# WHAT YOU HAVE TO DO:
Restate, word for word and with no pictures, the stretch of lines in the data below that begins at the line with "BOGORDAILY – Berjamaah" and ends at the line with "Cm. 11, pp.", inclusive.

Collected data entries:
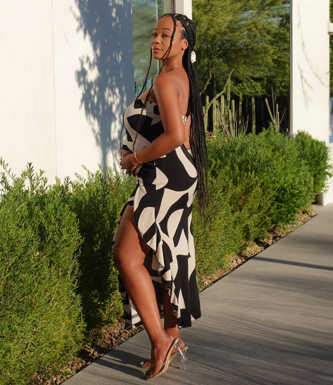 •Style Guide: This strapless dress is tailored to flatter shorter heights with its perfect length and elegant side slit that features delicate ruffle detailing. Crafted from stretchy, lightweight, and breathable fabric, it ensures comfort and ease of movement. Its unique pattern makes it an ideal statement piece suitable for any season.
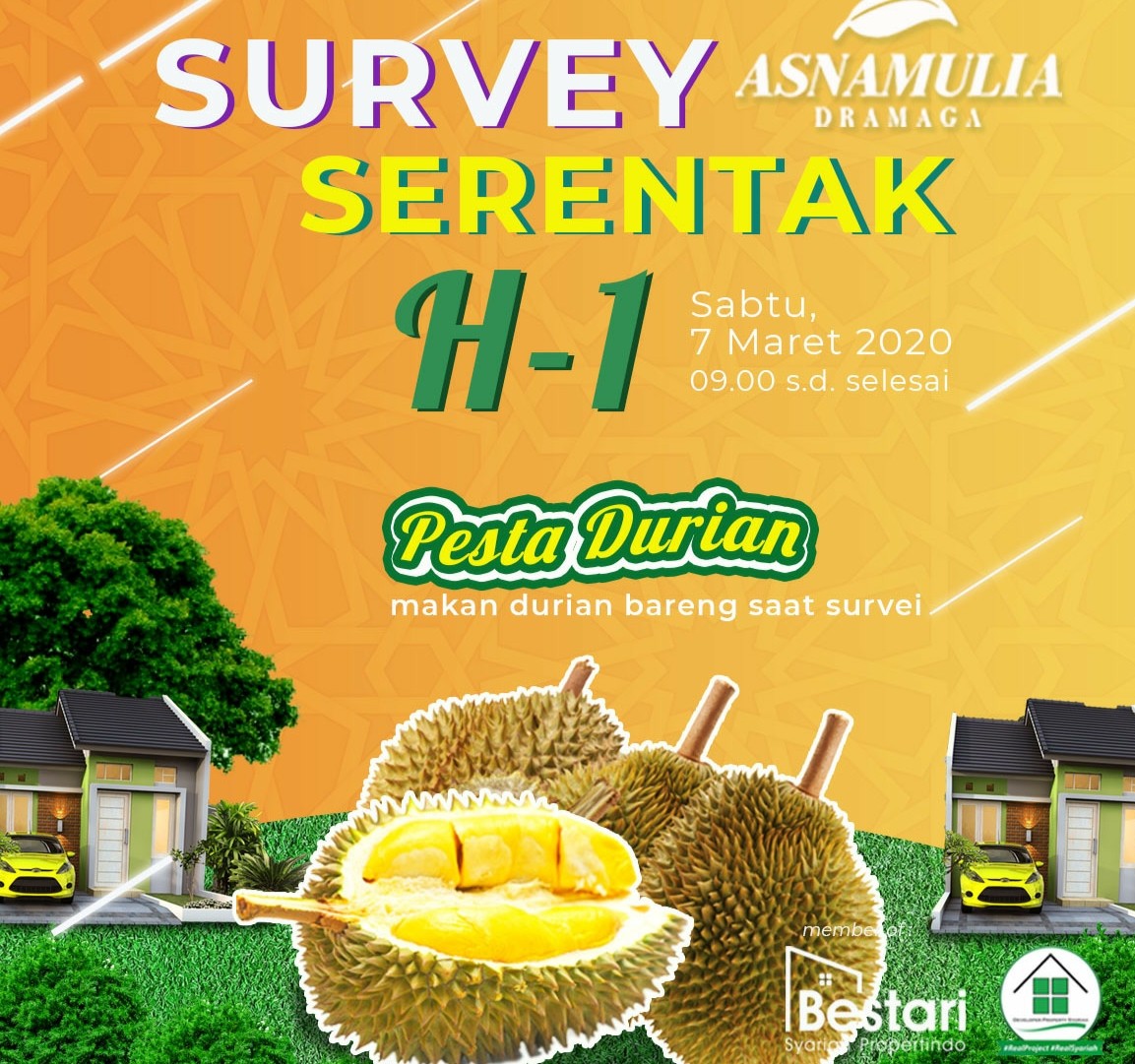 BOGORDAILY – Berjamaah dan terus belomba-lomba dalam kebaikan adalah perintah agama, hal tersebut coba diramu oleh tim Management Perumahan Syariah Asna Mulia Dramaga. Project yang berada di Cibadak, Kecamatan Ciampea, Kabupaten Bogor tersebut terlihat telah siap menggelar kegiatan yang bertema “Survey Serentak dan Makan Durian Bersama” pada esok hari Sabtu (8/03/20).
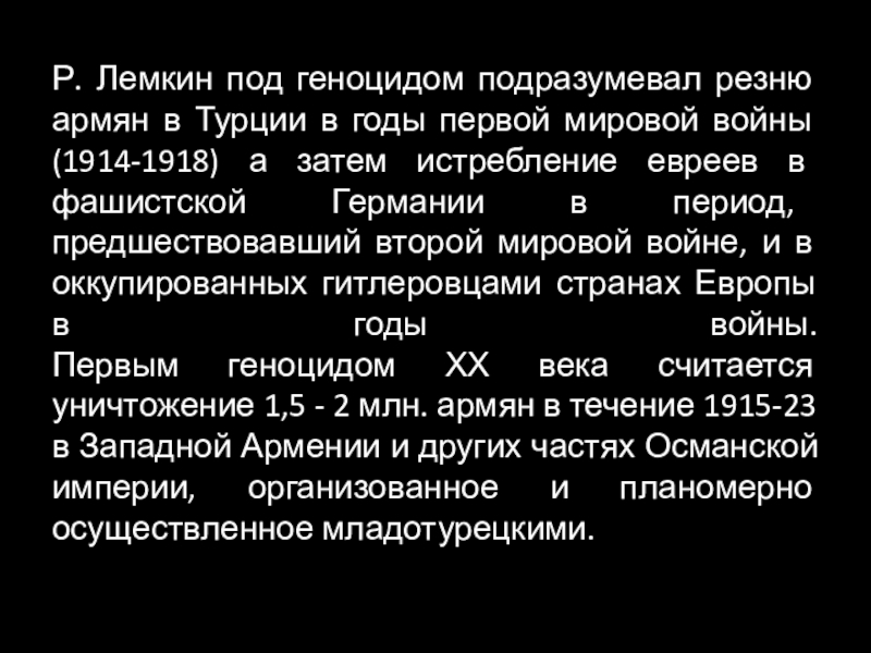 Слайд 4Р. Лемкин под геноцидом подразумевал резню армян в Турции в годы
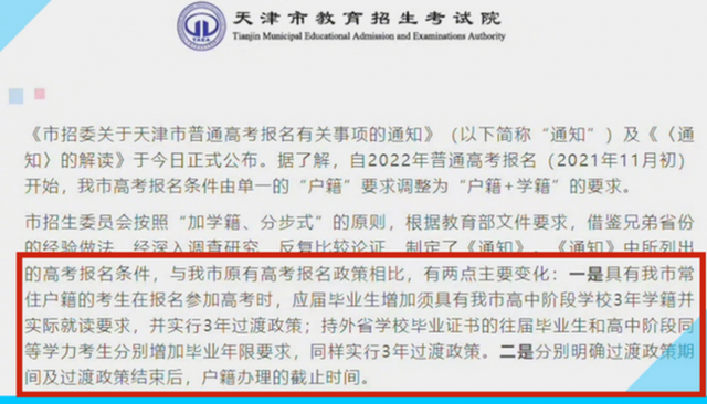 這就意味著,戶籍可以解決,但是學(xué)籍那就需要腳踏實地的讀書,如果想要獲得學(xué)籍,那就必須在天津讀書,這也就不存在高考移民一說了,享受了天津的教育,這才可以參加天津的高考,想要獲得3年的學(xué)籍,說不定從初中就要在天津讀書,這樣一來高考移民也就不存在了。
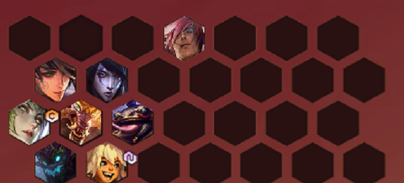 一般在七人口的时候搜索质量一点的英雄,然后直接上8,在该阵容中中期依靠努努和寒冰在同等质量下都是非常给力的,可以灵活的站位搭配5费卡进行战斗。
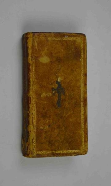 Cm. 11, pp. 336. Bel frontespizio figurato. Legatura del tempo in piena pelle con piatti inquadrati da cornice dorata e piccoli stemmi al centro dei piatti. Usure alla legatura, peraltro, internamente buon esemplare, genuino.
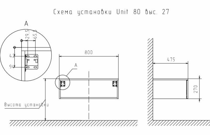 - Размеры (ШхВхГ): 80 х 27 х 47,5 см.
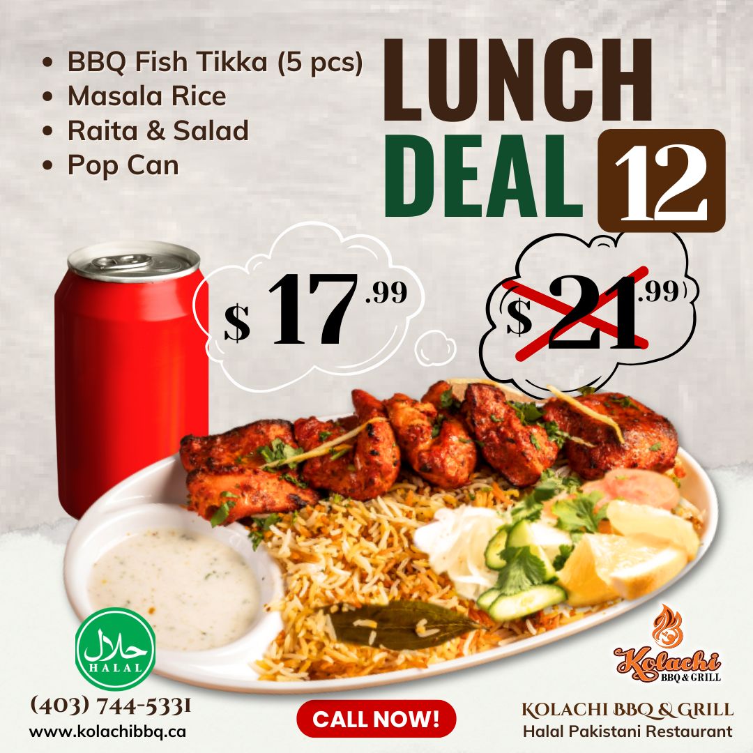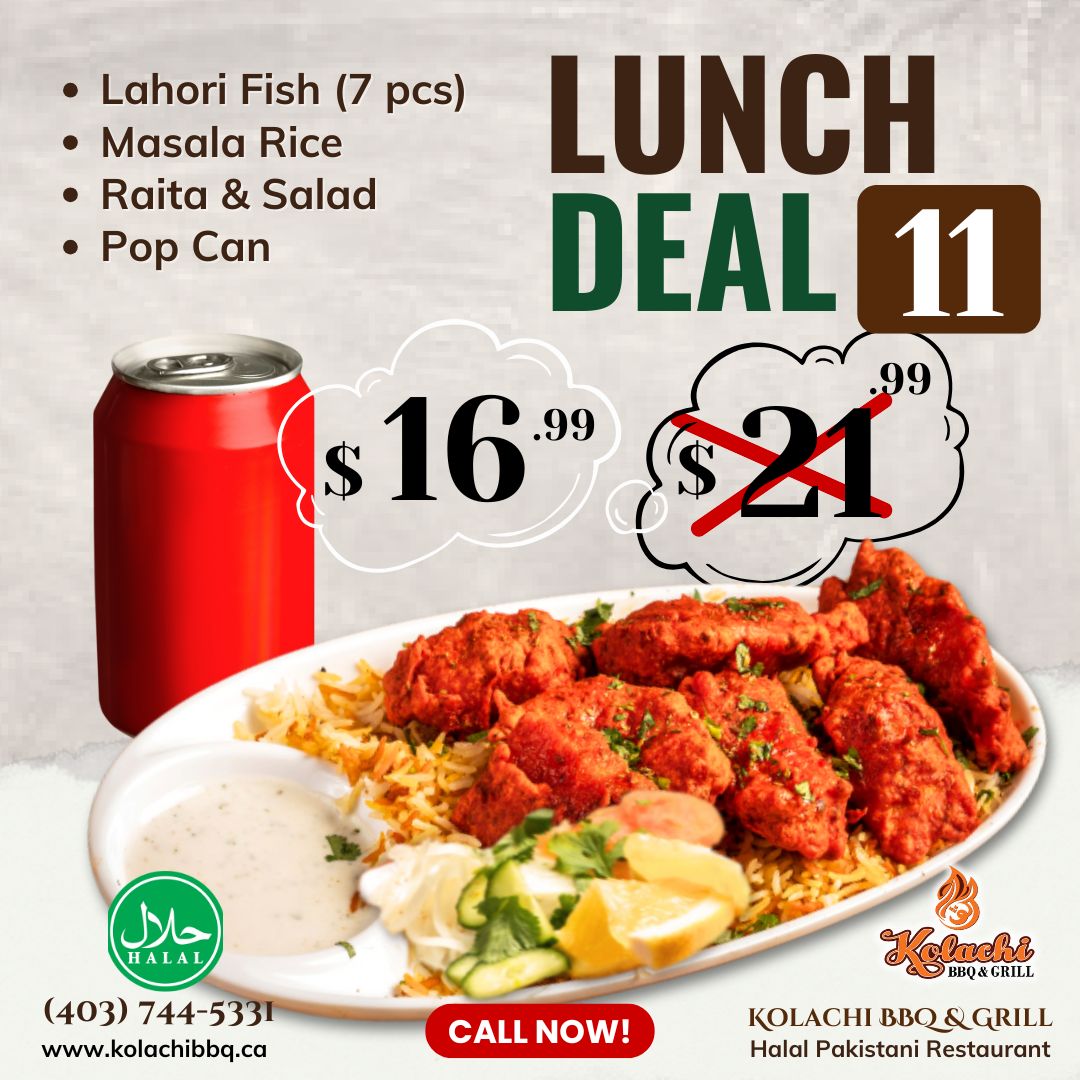 (Monday to Thursday | 1:00pm to 5:00pm) - Lahori Fish (7 pcs), Masala Rice, Raita & Salad, & Pop Can

# EXERCISE RESPONSE:
 BOGORDAILY – Berjamaah dan terus belomba-lomba dalam kebaikan adalah perintah agama, hal tersebut coba diramu oleh tim Management Perumahan Syariah Asna Mulia Dramaga. Project yang berada di Cibadak, Kecamatan Ciampea, Kabupaten Bogor tersebut terlihat telah siap menggelar kegiatan yang bertema “Survey Serentak dan Makan Durian Bersama” pada esok hari Sabtu (8/03/20).
 Слайд 4Р. Лемкин под геноцидом подразумевал резню армян в Турции в годы
 這就意味著,戶籍可以解決,但是學(xué)籍那就需要腳踏實地的讀書,如果想要獲得學(xué)籍,那就必須在天津讀書,這也就不存在高考移民一說了,享受了天津的教育,這才可以參加天津的高考,想要獲得3年的學(xué)籍,說不定從初中就要在天津讀書,這樣一來高考移民也就不存在了。
 一般在七人口的时候搜索质量一点的英雄,然后直接上8,在该阵容中中期依靠努努和寒冰在同等质量下都是非常给力的,可以灵活的站位搭配5费卡进行战斗。
 Cm. 11, pp. 336. Bel frontespizio figurato. Legatura del tempo in piena pelle con piatti inquadrati da cornice dorata e piccoli stemmi al centro dei piatti. Usure alla legatura, peraltro, internamente buon esemplare, genuino.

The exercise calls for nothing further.